Aim of the task:
Reproduce the listing word for word. Skip any image.

Material provided:
BEGIN
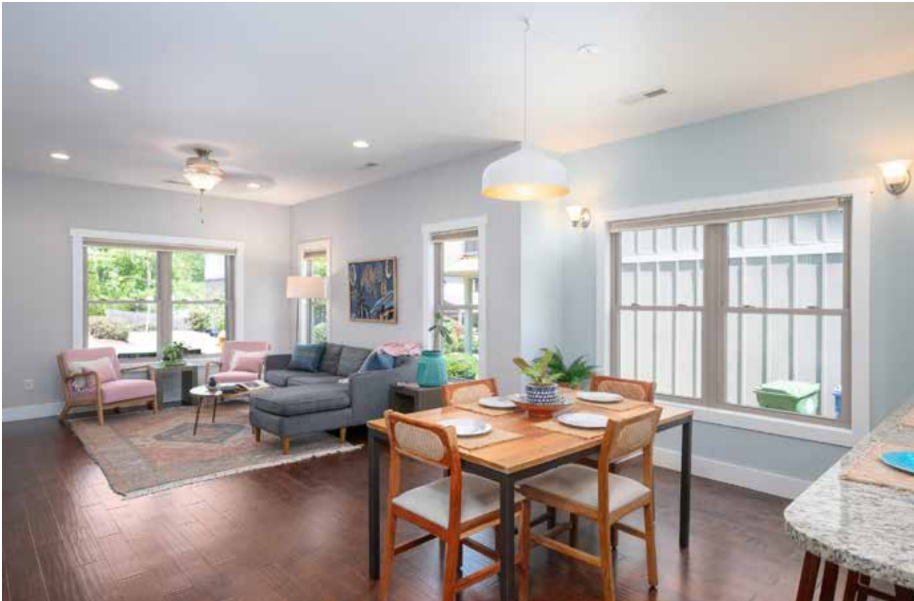
Open-Concept Living Downstairs; All Bedrooms and Laundry Upstairs
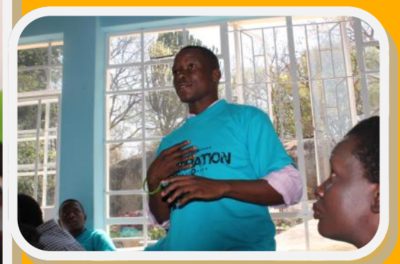
Impressions from the "Farming Fussion"
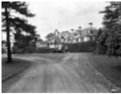
Wadsworth Homestead, Geneseo (NYS A0245-77_Livingston_B08_32)
END
Reply:
Open-Concept Living Downstairs; All Bedrooms and Laundry Upstairs
Impressions from the "Farming Fussion"
Wadsworth Homestead, Geneseo (NYS A0245-77_Livingston_B08_32)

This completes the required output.